Observation data: Epoch J2000 epoch
- Subtype: Reflection/Emission
- Right ascension: 19h 45m 59s
- Declination: 25° 20' 00"
- Distance: 6,523 ly (2400 pc)
- Apparent dimensions (V): 47 light years across
- Constellation: Vulpecula

Physical characteristics
- Radius: 345 ly
- Absolute magnitude (V): --
- Designations: LBN 139, The Face of God Nebula

= Sh 2-88 =

Nebula in the constellation Vulpecula

Sharpless 2-88 or Sh 2-88 is a region including the diffuse nebula Sh 2-88A and the two compact knots Sh 2-88B1 and Sh 2-88B2, all of which are associated with Vulpecula OB1.

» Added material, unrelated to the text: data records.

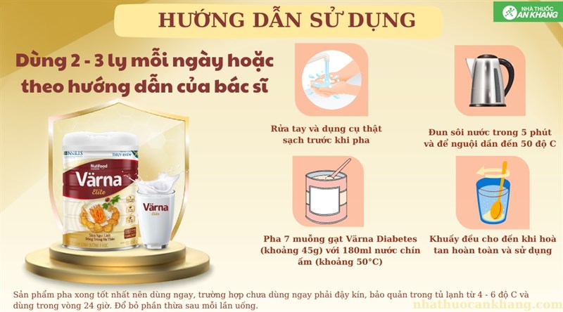Hướng dẫn sử dụng : Rửa tay và dụng cụ thật sạch trước khi pha. Đun sôi nước trong 5 phút và để nguội dần đến 50 độ C. Pha 10 muỗng gạt Varna Elite (khoảng 54g) với 180ml nước chín ấm (khoảng 50 độ C). Khuấy đều cho đến khi hoà tan hoàn toàn và sử dụng. Dùng 2 - 3 ly mỗi ngày hoặc theo hướng dẫn của bác sĩ.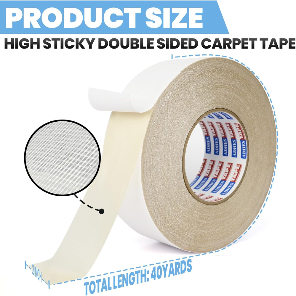 ADHES Double Sided Carpet Tape for Area Rugs – 2 Inch X 40 Yards, Heavy Duty Adhesive, Residue-Free, Rug Gripper for Hardwood Floors, Tile, and Carpeted Surfaces – Easy to Apply Upgrade your daily routine with ADHES Double Sided Carpet Tape for Area Rugs – 2 Inch X 40 Yards, Heavy Duty Adhesive, Residue-Free, Rug Gripper for Hardwood Floors, Tile, and Carpeted Surfaces – Easy to Apply — premium build for reliable performance and long-lasting value. Enjoy fast handling, friendly support, and a risk-free purchase backed by easy returns. Trusted seller with excellent feedback Popular item — often sells out quickly 30-day returns, no questions asked Key Benefits Feel the quality: durable materials and clean finish Save time: quick setup and easy everyday use Peace of mind: hassle-free support via eBay Messages Smart value: excellent price–performance for home, office, hobby, or professional use Item Specifics Item model number S202-2-40-WT-1ROLL Unit Count 120.0 Feet Number of Items 1 Compatible Material Wood, Tiles, Vinyl, Marble, Carpet Color White Water Resistance Level Not Water Resistant Adhesive Location both_sides Item Weight 1.74 pounds Adhesive Format Tape Item Resistance water_resistant Size 2in x 40yds Adhesive Side Count 2 Package Dimensions 6.5 x 6.38 x 1.93 inches Foil Thickness 8.66 Mils Description Strong Adhesion but Residue-Free: ADHES double sided carpet tape offers an exceptional grip to keep carpets and rugs securely in place. Despite its strong adhesive power, it’s safe and residue-free on surfaces, including delicate wood and laminate flooring. No need to worry about floor damage during removal. Works on Any Surface: This versatile rug tape is compatible with a wide range of indoor surfaces such as wood, tiles, vinyl, marble, and carpet. Ideal for installing carpets, securing rugs, stair treads, pads, mats, runners, repairs, home DIY projects, crafts, and mounting tasks. For optimal results, test on a small area before full application. Keeps Your Family Safe: Proven to be a reliable household protector, this double sided sticky tape prevents rugs and carpets from slipping, ensuring the safety of elderly family members, children, and pets as they move and play around the home. Easy to Install and Remove: Designed for hassle-free application, simply cut the desired length and stick it in place. With its optimal thickness, it’s easy to reposition or remove without leaving damage. Enjoy the flexibility to relocate your carpets or rugs whenever you like. Multi-Purpose and Durable: Whether for securing rugs in high-traffic areas or completing a creative DIY project, ADHES carpet tape for area rugs delivers long-lasting performance. Each roll offers generous coverage, ensuring you have enough for all your household or professional needs. Product description MULTI-PURPOSE USES Compare with similar items Add to Cart Add to Cart Add to Cart Add to Cart Add to Cart Customer Reviews 4.2 out of 5 stars 178 4.2 out of 5 stars 178 4.2 out of 5 stars 178 4.2 out of 5 stars 178 4.3 out of 5 stars 664 4.3 out of 5 stars 664 Price $11.59 $ 11 . 59 $20.99 $ 20 . 99 $13.49 $ 13 . 49 $16.79 $ 16 . 79 $8.99 $ 8 . 99 — Width x Length 2 Inch x 30 Yards 2 Inch x 30 Yards 2 Inch x 30 Yards 2 Inch x 30 Yards 2 Inch x 10 Yards 4 Inch x 10 Yards Residue-Free ✔ ✔ ✔ ✔ ✔ ✔ Heavy Duty Adhesive ✔ ✔ ✔ ✔ ✔ ✔ Easy to Install ✔ ✔ ✔ ✔ ✔ ✔ Number of Items 1 2 1 2 1 1 6.38 inches x 6.5 inches x 1.93 inches. Weight: 1.74 lb Package Includes 1× ADHES Double Sided Carpet Tape for Area Rugs – 2 Inch X 40 Yards, Heavy Duty Adhesive, Residue-Free, Rug Gripper for Hardwood Floors, Tile, and Carpeted Surfaces – Easy to Apply User manual (if included) Invoice by email (VAT shown on request) Shipping & Returns Fast handling and dispatch from our warehouse Tracking provided for parcel shipments 30-day returns according to eBay listing settings Why Buy From Us? Top-rated customer experience Secure checkout through eBay Reliable packaging — arrives ready to use Limited availability on popular variants Don’t wait — click Buy It Now to secure your ADHES Double Sided Carpet Tape for Area Rugs – 2 Inch X 40 Yards, Heavy Duty Adhesive, Residue-Free, Rug Gripper for Hardwood Floors, Tile, and Carpeted Surfaces – Easy to Apply today.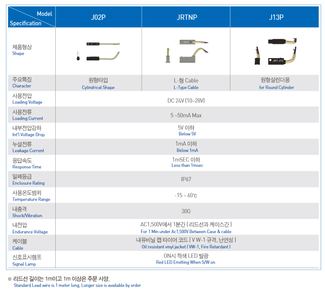 BẢNG KẾT HỢP SẢN PHẨM JRT VỚI CẢM BIẾN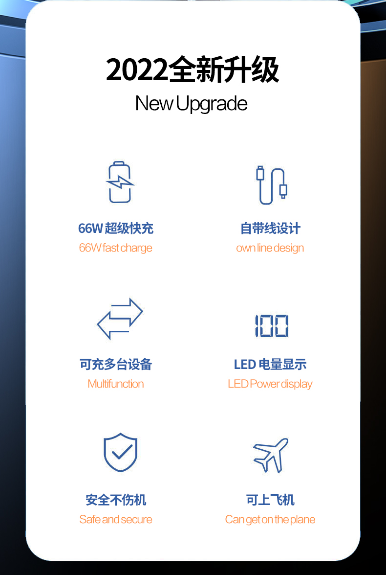 型号:DY233 条码:69742307423324 颜色:白、黑、粉、绿 材质:PC+ABS容量:10000毫安 产品尺寸: 8.1*6.2*2.5cm ◆自带苹果和Type-C线,同时满足3台设备充电需求 ◆66W急速无线快充,充电快人一步 ◆符合民航局规定,可带上飞机 ◆大屏真数显,随 时掌握实时电量 ◆超小尺寸,好携带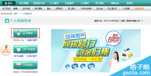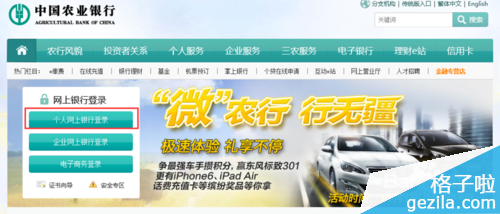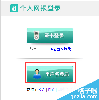 1、插入K宝,自动进入农行官网。选择“个人网上银行登录”。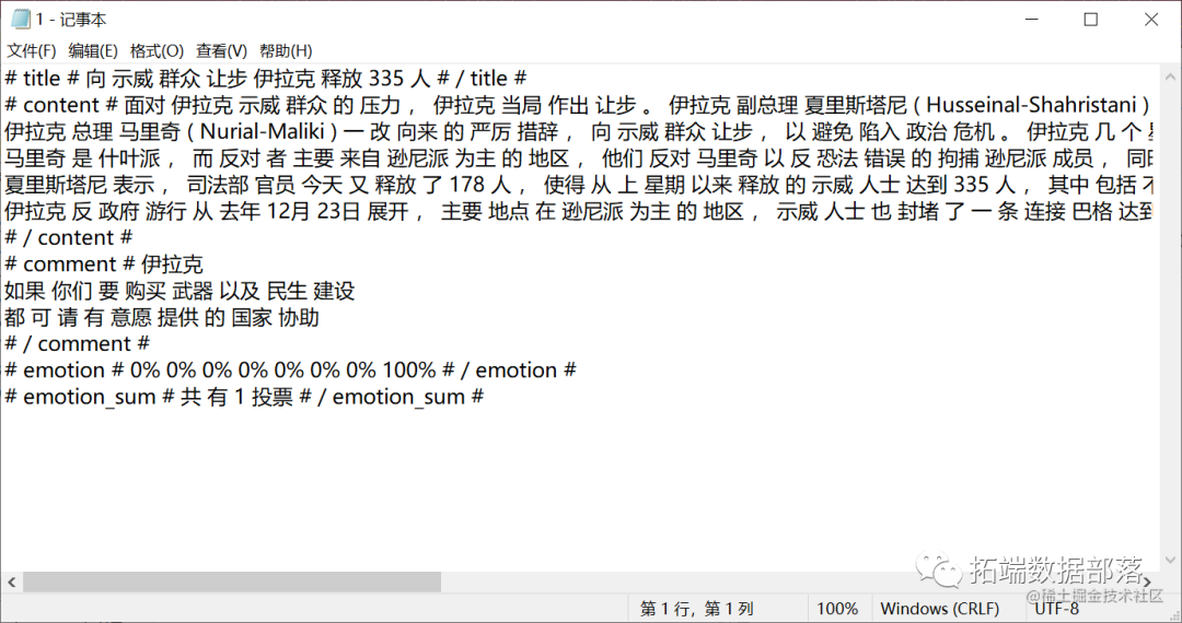 语料是从yahoo Qimo上爬的新闻语料,一共49000篇(查看文末了解数据免费获取方式),每篇包含题目、新闻内容、评论、读者投票结果(投票选择依次为:实用,感人、开心、超扯、无聊、害怕、难过、火大)以及总投票个数。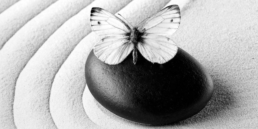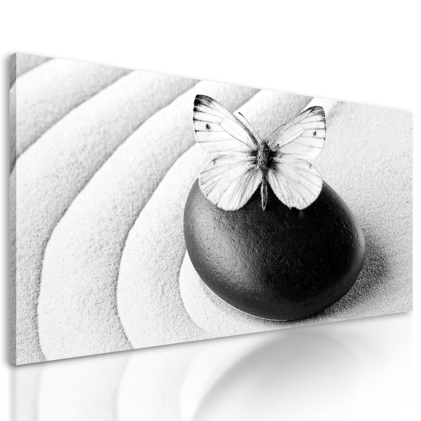 Obraz nádherný biely motýľ na Zen kameni v čiernobielom prevedení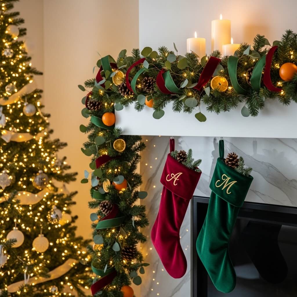 Ditch the basic garland. I’m talking about a lush, pre-lit one draped across your mantel with intention. Weave in some ribbon, pinecones, and even a few dried oranges for a custom look. This becomes the focal point of your entire Christmas Living Room Decor.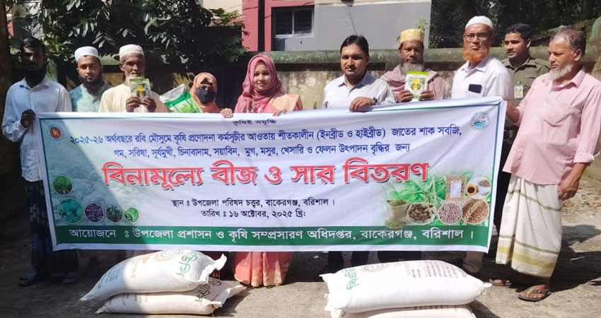 বরিশালের বাকেরগঞ্জ উপজেলায় ২০২৫-২০২৬ অর্থবছরে রবি মৌসুম কৃষি প্রণোদনা কর্মসূচির আওতায় ক্ষুদ্র ও প্রান্তিক কৃষকদের মধ্যে বিনামূল্যে শীতকালীন (ইনব্রিড ও হাইব্রিড) জাতের শাকসবজি, গম, সরিষা, সূর্যমুখী, চিনা বাদাম, সয়াবিন, মুগ, মসুর, খেসারি ও ফেলন উৎপাদন বৃদ্ধির জন্য বিনামূল্যে বীজ ও সার বিতরণ করা হয়েছে।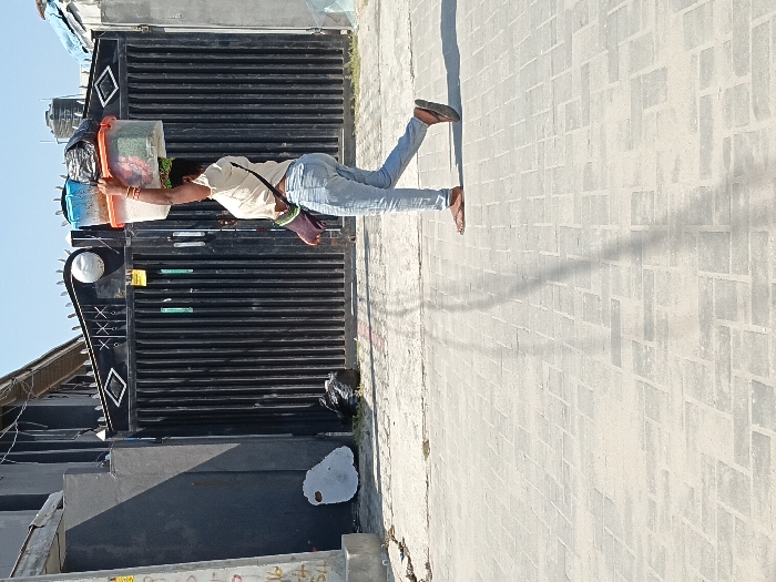 The image depicts a daytime street scene in Ado, Nigeria. A single adult female is observed walking from right to left across a light-colored interlocking paver pathway. She wears a cream-colored short-sleeved top, light blue jeans, and dark flip-flops. A dark shoulder bag is slung across her body. She carries a stack of three plastic containers on her head—a light blue one on top, an orange one in the middle, and a translucent one at the bottom—topped with a black plastic bag. Her right hand is raised, steadying the load. A long shadow from her extends onto the paved ground. In the background, a large, dark-colored metal gate with vertical slats, decorative diamond patterns, and spiked finials secures a property. To the left of the gate, a dark building wall is partially visible, with an irregularly shaped white object and a black plastic bag resting on the ground near its base. To the right of the gate, additional structures, including a blue tarp and an elevated black water tank, are visible. The sky is clear and light blue.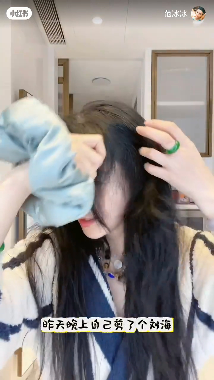 ▲范冰冰在房間整理儀容準備出門,自爆會自己剪瀏海。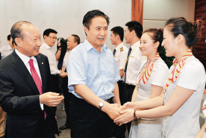 | 7月9日,省委、省政府在海口举行大会,隆重表彰“6·29”反劫机英雄机组。图为表彰大会前,省委书记、省人大常委会主任罗保铭,省委副书记、省长蒋定之等领导会见反劫机英雄机组成员。 本报记者 王凯 摄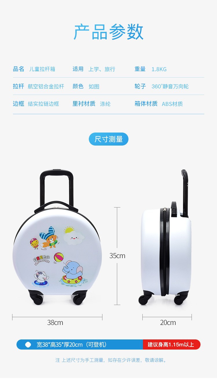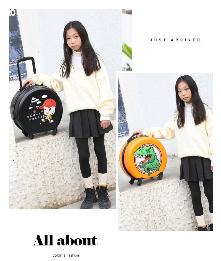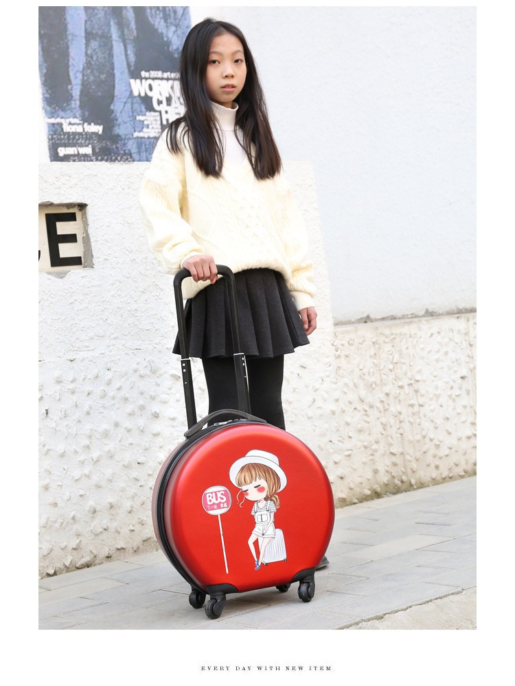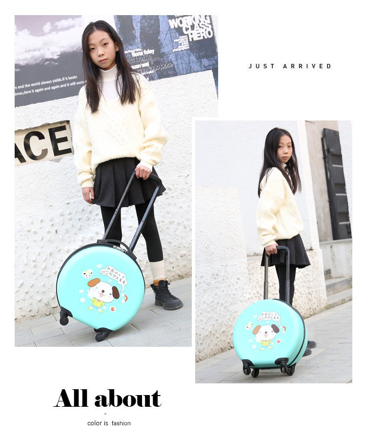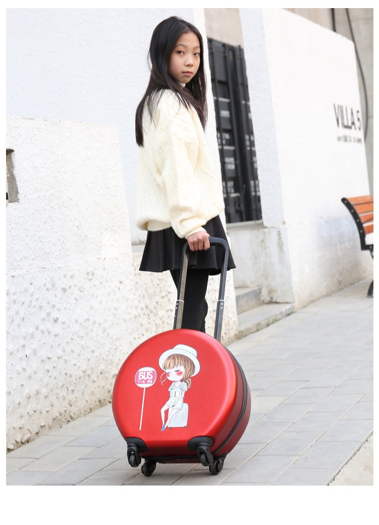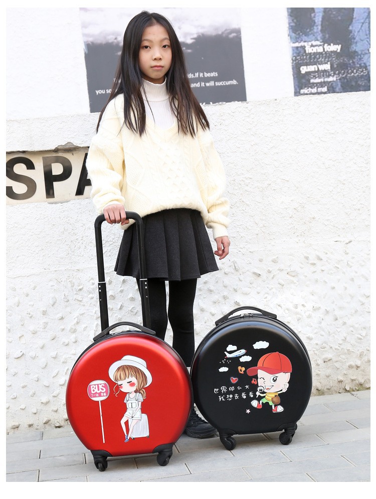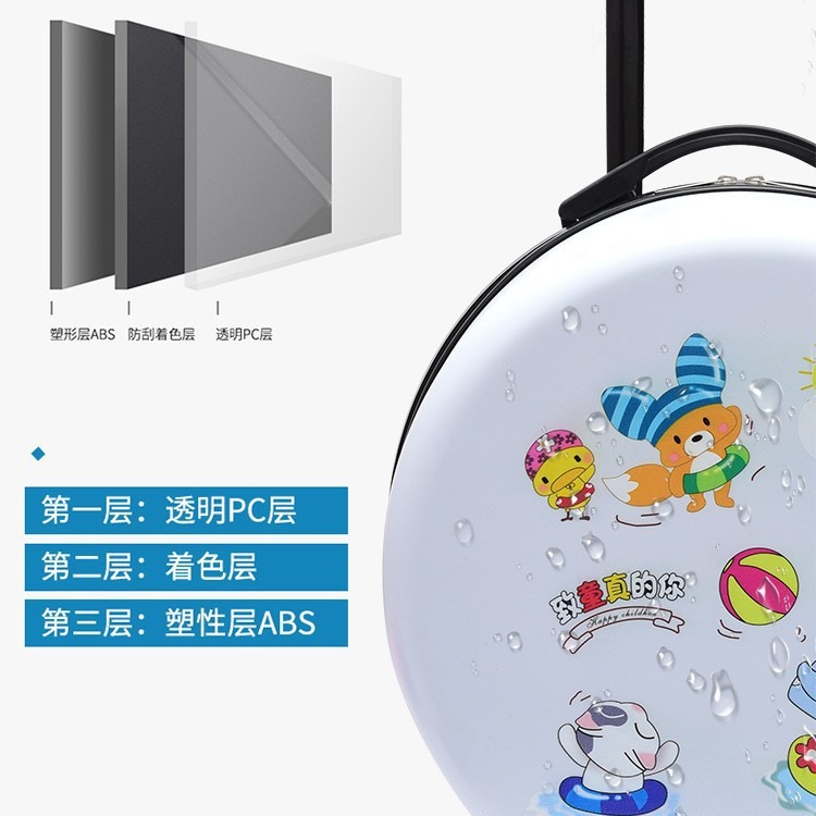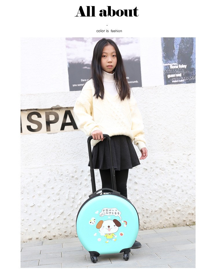 어린이 맞춤형 가방, 세련된 원형 만화 트롤리 케이스, 범용 바퀴, 경량 인쇄 로고 선물 가방

Sh 2-88A is an HII-type diffuse nebula excited by the type O8 star BD+25°3952. Both neutral and ionized gases in Sh 2-88 are between 150 and 410 solar masses and the dust mass is about 2 to 9 solar masses. The structure has been interacting with a HI interstellar bubble shaped by the stellar winds of BD+25°3952 and the blue O8.5II(f) star BD +25°3866. Overall, its actual structure is located 2.4 kiloparsecs away, at 23 × 15 parsecs in radius. It has a dynamical age of 1.5 million years, and a mass of 1,300 solar masses. It has an rms electron density of 9 cm^{−3}. All separate star forming regions are 1 arcminute in diameter.

==Nearby objects==
Sharpless 2-88 is the first part of this nebula to have created a star-forming region. It had star formation first start in this large diffuse nebula, which then spread to the other star-forming regions in the nebula. It spread to the compact Sharpless 2-88B1, then to the ultracompact Sharpless 2-88B2.

Sharpless 2-88B1 is a HII region ionized by an O8.5-9.5 V star, and is compact. It is also associated with a nearby star cluster that contains several massive stars.

Sharpless 2-88B2 is a HII region ionized by a star that is dimmer than B0.5 V, and is ultracompact.